EXERCISE => Your answer must be exactly the lines from the one containing "Ivry sur Seine: proche" through the end of the material, both ends included, without pictures.

DATA EXTRACT =>
╔══
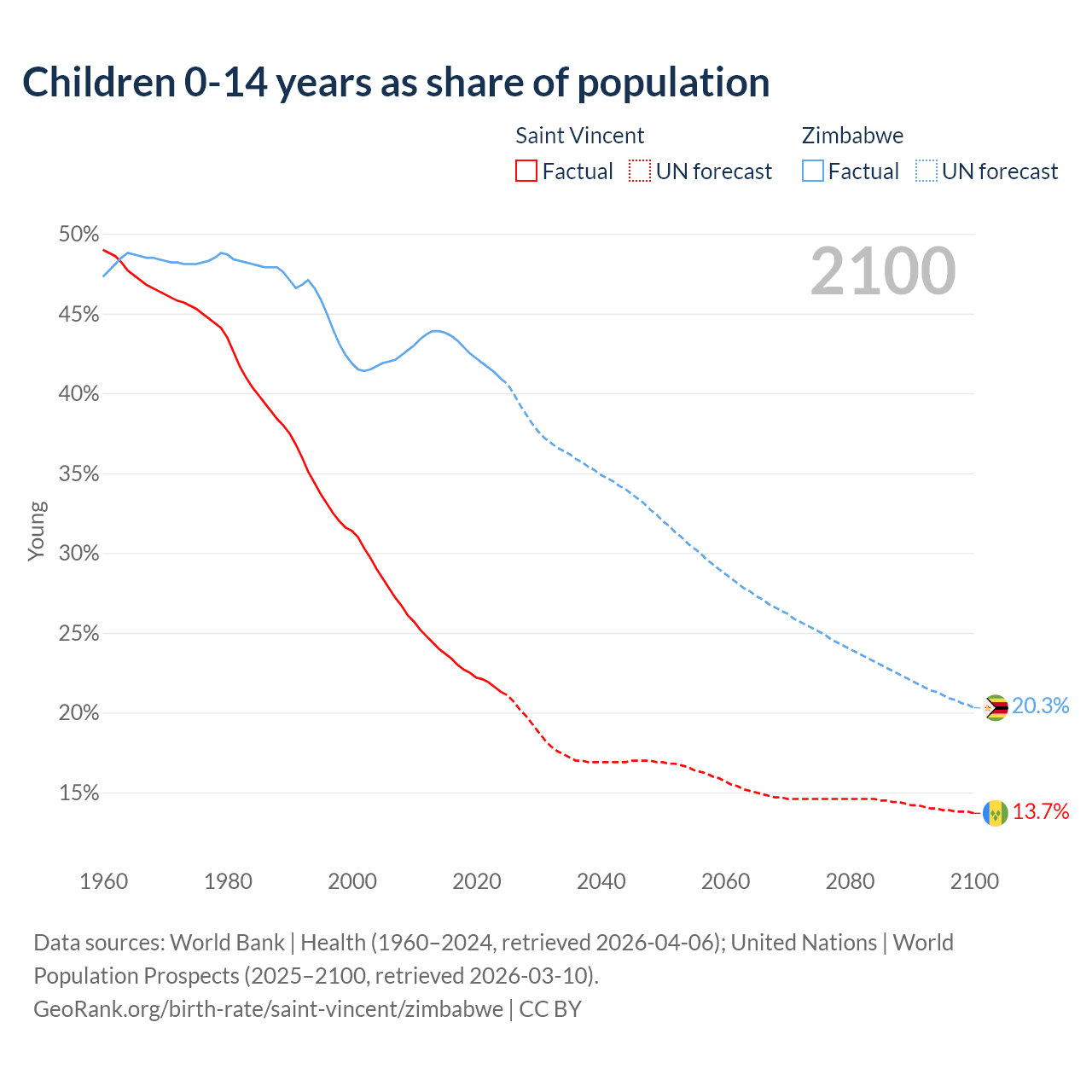 According to the latest available data on birth rates, the fertility rate in Saint Vincent was 1.78 children per woman in 2023, compared to 3.72 in Zimbabwe in 2023. The replacement level is considered to be 2.1 children per woman.
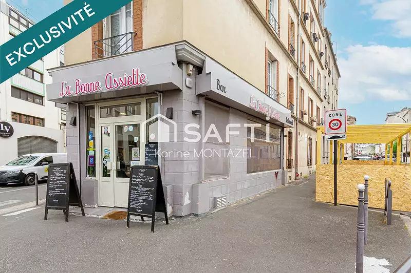 Ivry sur Seine: proche du centre ville, RER C à 2 min, nombreuses entreprises à proximité, dont très prochainement la Caisse des Dépôts (3000 personnes sont attendues), fonds de commerce licence 4, restaurant d'angle rénové, d'environ 101m² comprenant au rez-de-chaussée; un bar sur une salle de 42 places assises, possibilité de rajouter 15 couverts, cuisine équipée avec extraction et matériels récents, moteur de hotte neuf et dégraissage récent, WC, un sous-sol accessible par le restaurant avec chambre froide, coupes frites, épluche pomme de terre. loyer de 1202€ hors charges
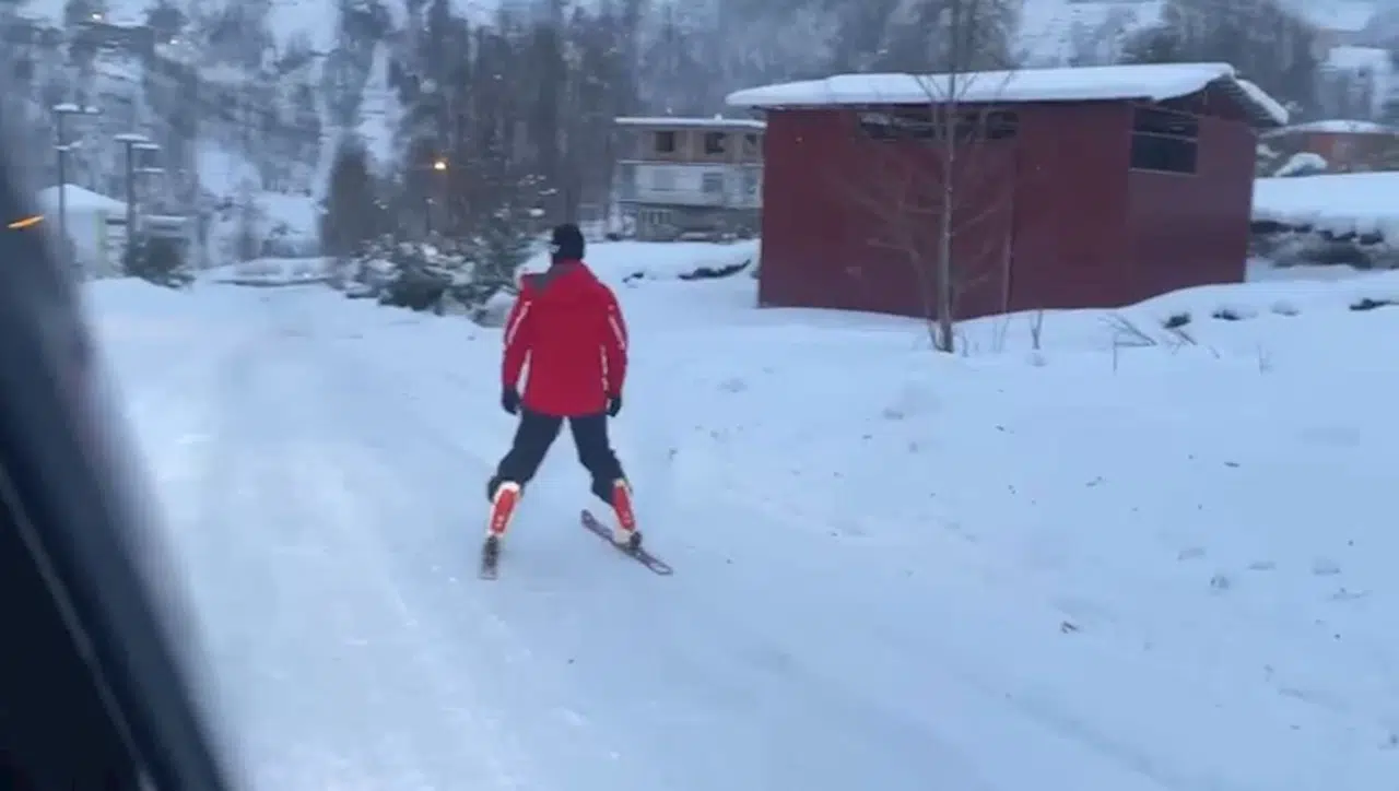 Mehmet Can PEÇE/RİZE, (DHA)- RİZE’de amatör kayak sporcusu Yasin Çapoğlu, yoğun kar yağışı sonrası kayak takımlarıyla kayarak gittiği marketten alışveriş yaptı. O anlar, cep telefonuyla görüntülendi. Çapoğlu, “Uzun zaman sonra böylesine güzel bir kar manzarasında vakit geçirmek unutulmaz bir deneyimdi” dedi.
╚══
OUTPUT =>
 Ivry sur Seine: proche du centre ville, RER C à 2 min, nombreuses entreprises à proximité, dont très prochainement la Caisse des Dépôts (3000 personnes sont attendues), fonds de commerce licence 4, restaurant d'angle rénové, d'environ 101m² comprenant au rez-de-chaussée; un bar sur une salle de 42 places assises, possibilité de rajouter 15 couverts, cuisine équipée avec extraction et matériels récents, moteur de hotte neuf et dégraissage récent, WC, un sous-sol accessible par le restaurant avec chambre froide, coupes frites, épluche pomme de terre. loyer de 1202€ hors charges
 Mehmet Can PEÇE/RİZE, (DHA)- RİZE’de amatör kayak sporcusu Yasin Çapoğlu, yoğun kar yağışı sonrası kayak takımlarıyla kayarak gittiği marketten alışveriş yaptı. O anlar, cep telefonuyla görüntülendi. Çapoğlu, “Uzun zaman sonra böylesine güzel bir kar manzarasında vakit geçirmek unutulmaz bir deneyimdi” dedi.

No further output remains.